NZD/USD Technical ANALYSIS: BEARISH
- New Zealand Dollar hits 5-month high but signs of topping remain
- Negative RSI divergence hints secondary top forming at resistance
- Close under 0.6425 would suggest long-term downtrend resuming
So far, New Zealand Dollar sellers have been unable to build on early signs of bearish reversal – a seemingly telltale Shooting Star candlestick on a test of dominant trend resistance set from July 2017. Yet a reversal lower may still be in the cards, albeit after the begrudging formation of a secondary top.
A half-hearted attempt at a selloff soon gave way to directionless drift, followed by a formidable foray to the upside. While this move set a higher high, it fell conspicuously short of closing above the Shooting Star peak. Ominously negative RSI divergence now warns of ebbing upward momentum.

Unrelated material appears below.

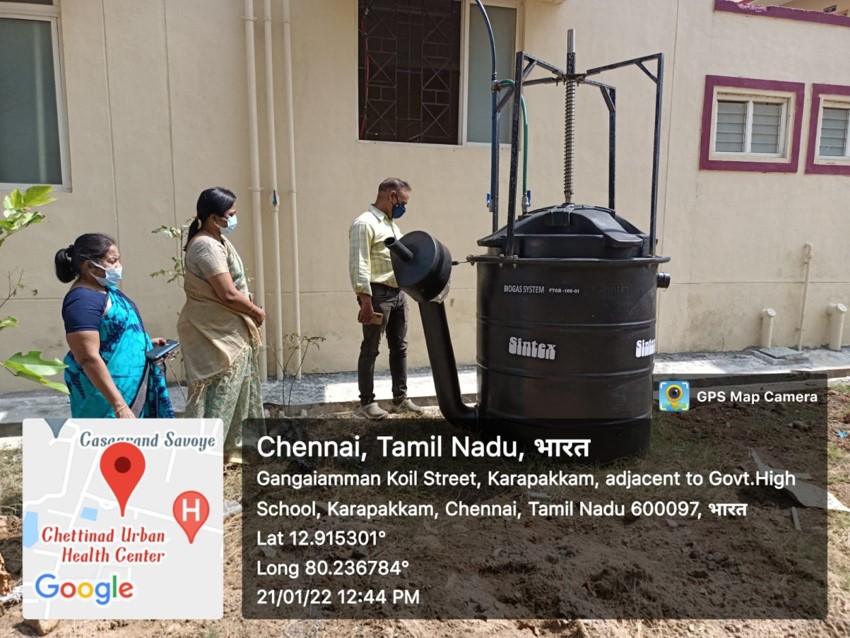 It is in the canteen to produce biogas from the food and vegetable wastage which is being used for cooking.

This is a pattern that occurs often enough to notice. A topping sequence begins with an initial attempt at peaking, which is then followed by a nominally higher high that fails to confirm a breakout and translates into an adverse RSI signal. This scenario is of course unconfirmed itself for now, but it is plausible.
Major support is clustered in the 0.6425-96 zone, where prior areas of congestion and trend support set from October’s bottom meet. Breaking below that would be a very compelling indication that the long-term downtrend has resumed. Neutralizing it in earnest probably requires a break above 0.68.